# INFORMATION SHOWN
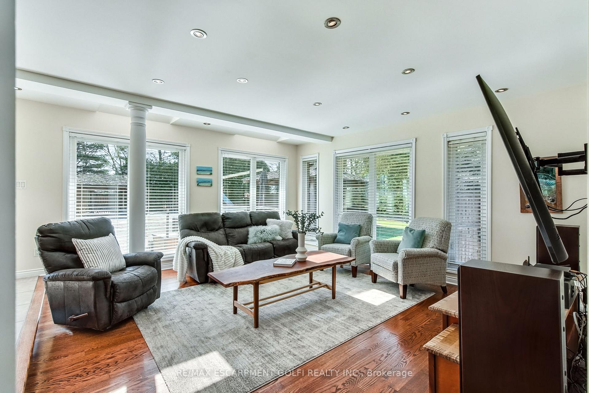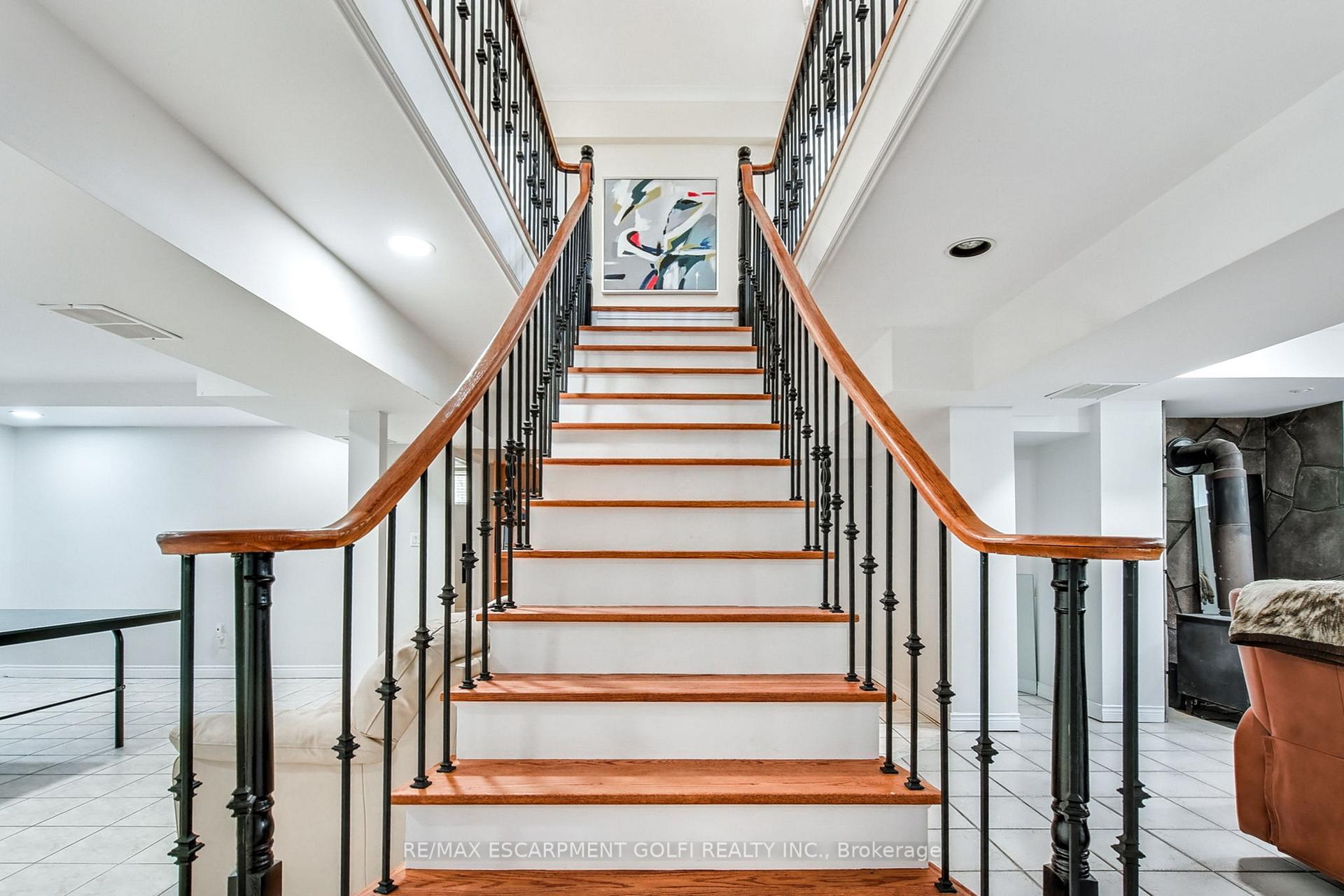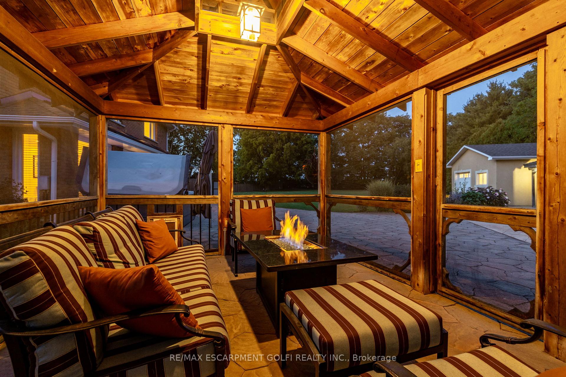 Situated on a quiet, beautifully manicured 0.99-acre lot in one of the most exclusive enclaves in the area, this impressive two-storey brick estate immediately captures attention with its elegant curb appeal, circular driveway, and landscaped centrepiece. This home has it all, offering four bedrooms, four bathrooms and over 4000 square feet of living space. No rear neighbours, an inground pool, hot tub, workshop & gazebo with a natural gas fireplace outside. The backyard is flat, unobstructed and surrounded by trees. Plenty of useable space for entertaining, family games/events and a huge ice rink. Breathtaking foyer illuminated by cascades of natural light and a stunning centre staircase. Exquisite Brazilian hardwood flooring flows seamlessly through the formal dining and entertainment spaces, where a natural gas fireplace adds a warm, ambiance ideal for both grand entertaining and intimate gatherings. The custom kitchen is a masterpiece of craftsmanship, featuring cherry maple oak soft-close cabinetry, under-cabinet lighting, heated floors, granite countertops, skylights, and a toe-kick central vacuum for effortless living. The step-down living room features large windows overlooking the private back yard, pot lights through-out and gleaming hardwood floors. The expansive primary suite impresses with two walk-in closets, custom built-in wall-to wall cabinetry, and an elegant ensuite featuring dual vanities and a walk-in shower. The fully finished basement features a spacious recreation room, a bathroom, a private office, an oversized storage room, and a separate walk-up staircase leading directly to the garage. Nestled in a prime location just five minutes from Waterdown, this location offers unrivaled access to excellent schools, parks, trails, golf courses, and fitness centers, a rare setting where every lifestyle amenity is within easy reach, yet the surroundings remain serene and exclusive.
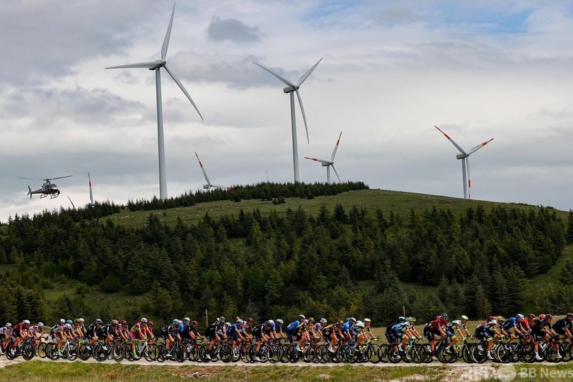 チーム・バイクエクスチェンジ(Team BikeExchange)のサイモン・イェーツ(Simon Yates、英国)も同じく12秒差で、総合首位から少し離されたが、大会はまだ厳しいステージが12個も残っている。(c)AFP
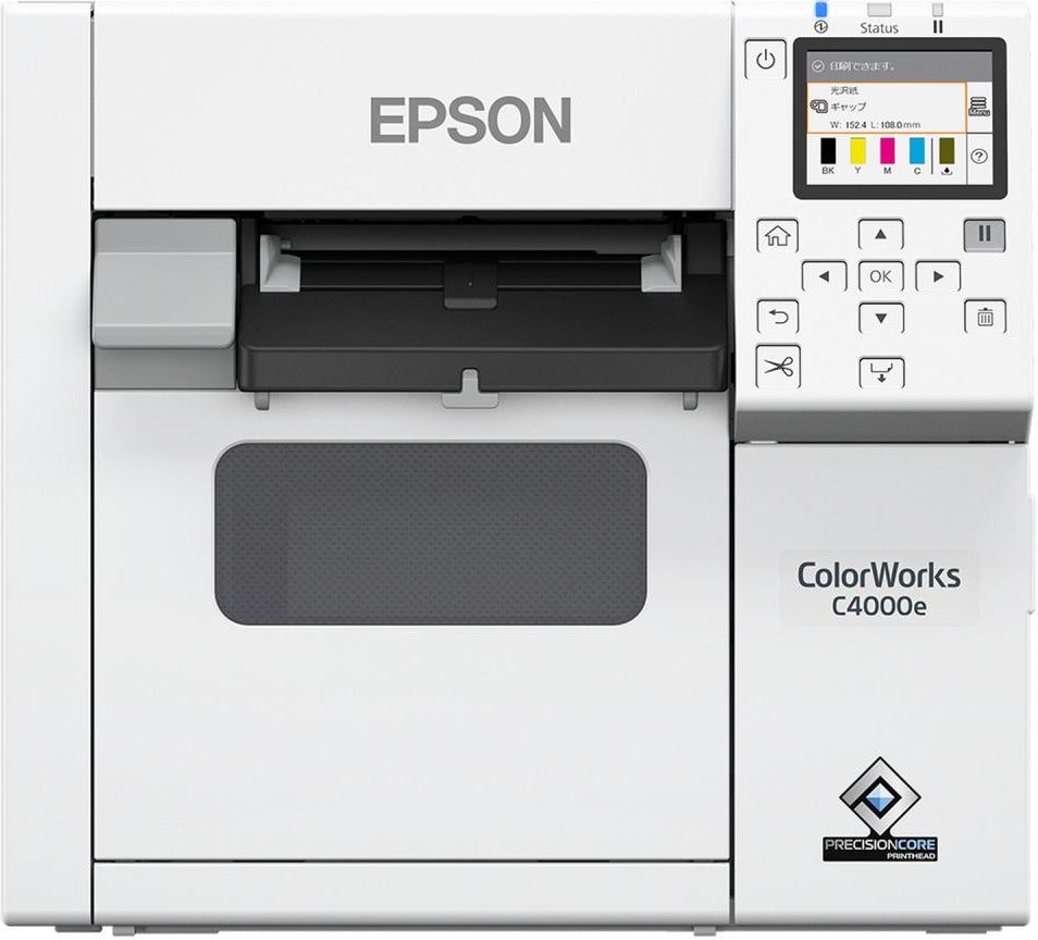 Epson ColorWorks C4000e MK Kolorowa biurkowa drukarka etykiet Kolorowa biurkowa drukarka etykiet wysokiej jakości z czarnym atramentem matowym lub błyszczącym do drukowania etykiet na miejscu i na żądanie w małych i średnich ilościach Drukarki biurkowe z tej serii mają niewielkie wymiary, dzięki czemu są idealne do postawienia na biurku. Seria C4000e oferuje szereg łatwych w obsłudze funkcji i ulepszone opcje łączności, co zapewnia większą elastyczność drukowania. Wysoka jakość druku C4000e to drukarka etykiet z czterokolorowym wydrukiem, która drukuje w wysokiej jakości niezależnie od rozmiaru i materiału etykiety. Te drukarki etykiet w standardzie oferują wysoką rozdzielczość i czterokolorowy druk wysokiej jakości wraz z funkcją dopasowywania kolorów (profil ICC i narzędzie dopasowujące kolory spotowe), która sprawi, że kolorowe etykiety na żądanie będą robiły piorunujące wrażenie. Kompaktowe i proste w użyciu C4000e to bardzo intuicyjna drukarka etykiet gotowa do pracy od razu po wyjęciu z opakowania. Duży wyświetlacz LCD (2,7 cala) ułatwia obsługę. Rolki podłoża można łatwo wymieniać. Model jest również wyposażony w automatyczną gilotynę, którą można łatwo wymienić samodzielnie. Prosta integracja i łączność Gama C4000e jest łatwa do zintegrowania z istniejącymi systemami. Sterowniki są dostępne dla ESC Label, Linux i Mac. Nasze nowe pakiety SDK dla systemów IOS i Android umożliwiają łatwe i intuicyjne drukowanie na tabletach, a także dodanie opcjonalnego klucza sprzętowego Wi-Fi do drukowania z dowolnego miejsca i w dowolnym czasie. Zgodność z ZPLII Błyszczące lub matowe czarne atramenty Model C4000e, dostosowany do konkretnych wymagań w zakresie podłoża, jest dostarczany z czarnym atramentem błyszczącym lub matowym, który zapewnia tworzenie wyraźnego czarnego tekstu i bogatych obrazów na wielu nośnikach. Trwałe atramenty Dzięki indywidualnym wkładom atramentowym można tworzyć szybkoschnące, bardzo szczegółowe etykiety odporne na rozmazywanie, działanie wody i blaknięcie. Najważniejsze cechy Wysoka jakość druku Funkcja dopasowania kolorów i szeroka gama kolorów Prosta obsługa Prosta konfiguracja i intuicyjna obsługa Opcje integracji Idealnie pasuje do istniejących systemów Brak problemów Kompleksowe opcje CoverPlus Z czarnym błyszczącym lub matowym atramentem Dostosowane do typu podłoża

# WORK ORDER
Please give all of the material again, exactly, without the images.

# SOLUTION
 Situated on a quiet, beautifully manicured 0.99-acre lot in one of the most exclusive enclaves in the area, this impressive two-storey brick estate immediately captures attention with its elegant curb appeal, circular driveway, and landscaped centrepiece. This home has it all, offering four bedrooms, four bathrooms and over 4000 square feet of living space. No rear neighbours, an inground pool, hot tub, workshop & gazebo with a natural gas fireplace outside. The backyard is flat, unobstructed and surrounded by trees. Plenty of useable space for entertaining, family games/events and a huge ice rink. Breathtaking foyer illuminated by cascades of natural light and a stunning centre staircase. Exquisite Brazilian hardwood flooring flows seamlessly through the formal dining and entertainment spaces, where a natural gas fireplace adds a warm, ambiance ideal for both grand entertaining and intimate gatherings. The custom kitchen is a masterpiece of craftsmanship, featuring cherry maple oak soft-close cabinetry, under-cabinet lighting, heated floors, granite countertops, skylights, and a toe-kick central vacuum for effortless living. The step-down living room features large windows overlooking the private back yard, pot lights through-out and gleaming hardwood floors. The expansive primary suite impresses with two walk-in closets, custom built-in wall-to wall cabinetry, and an elegant ensuite featuring dual vanities and a walk-in shower. The fully finished basement features a spacious recreation room, a bathroom, a private office, an oversized storage room, and a separate walk-up staircase leading directly to the garage. Nestled in a prime location just five minutes from Waterdown, this location offers unrivaled access to excellent schools, parks, trails, golf courses, and fitness centers, a rare setting where every lifestyle amenity is within easy reach, yet the surroundings remain serene and exclusive.
 チーム・バイクエクスチェンジ(Team BikeExchange)のサイモン・イェーツ(Simon Yates、英国)も同じく12秒差で、総合首位から少し離されたが、大会はまだ厳しいステージが12個も残っている。(c)AFP
 Epson ColorWorks C4000e MK Kolorowa biurkowa drukarka etykiet Kolorowa biurkowa drukarka etykiet wysokiej jakości z czarnym atramentem matowym lub błyszczącym do drukowania etykiet na miejscu i na żądanie w małych i średnich ilościach Drukarki biurkowe z tej serii mają niewielkie wymiary, dzięki czemu są idealne do postawienia na biurku. Seria C4000e oferuje szereg łatwych w obsłudze funkcji i ulepszone opcje łączności, co zapewnia większą elastyczność drukowania. Wysoka jakość druku C4000e to drukarka etykiet z czterokolorowym wydrukiem, która drukuje w wysokiej jakości niezależnie od rozmiaru i materiału etykiety. Te drukarki etykiet w standardzie oferują wysoką rozdzielczość i czterokolorowy druk wysokiej jakości wraz z funkcją dopasowywania kolorów (profil ICC i narzędzie dopasowujące kolory spotowe), która sprawi, że kolorowe etykiety na żądanie będą robiły piorunujące wrażenie. Kompaktowe i proste w użyciu C4000e to bardzo intuicyjna drukarka etykiet gotowa do pracy od razu po wyjęciu z opakowania. Duży wyświetlacz LCD (2,7 cala) ułatwia obsługę. Rolki podłoża można łatwo wymieniać. Model jest również wyposażony w automatyczną gilotynę, którą można łatwo wymienić samodzielnie. Prosta integracja i łączność Gama C4000e jest łatwa do zintegrowania z istniejącymi systemami. Sterowniki są dostępne dla ESC Label, Linux i Mac. Nasze nowe pakiety SDK dla systemów IOS i Android umożliwiają łatwe i intuicyjne drukowanie na tabletach, a także dodanie opcjonalnego klucza sprzętowego Wi-Fi do drukowania z dowolnego miejsca i w dowolnym czasie. Zgodność z ZPLII Błyszczące lub matowe czarne atramenty Model C4000e, dostosowany do konkretnych wymagań w zakresie podłoża, jest dostarczany z czarnym atramentem błyszczącym lub matowym, który zapewnia tworzenie wyraźnego czarnego tekstu i bogatych obrazów na wielu nośnikach. Trwałe atramenty Dzięki indywidualnym wkładom atramentowym można tworzyć szybkoschnące, bardzo szczegółowe etykiety odporne na rozmazywanie, działanie wody i blaknięcie. Najważniejsze cechy Wysoka jakość druku Funkcja dopasowania kolorów i szeroka gama kolorów Prosta obsługa Prosta konfiguracja i intuicyjna obsługa Opcje integracji Idealnie pasuje do istniejących systemów Brak problemów Kompleksowe opcje CoverPlus Z czarnym błyszczącym lub matowym atramentem Dostosowane do typu podłoża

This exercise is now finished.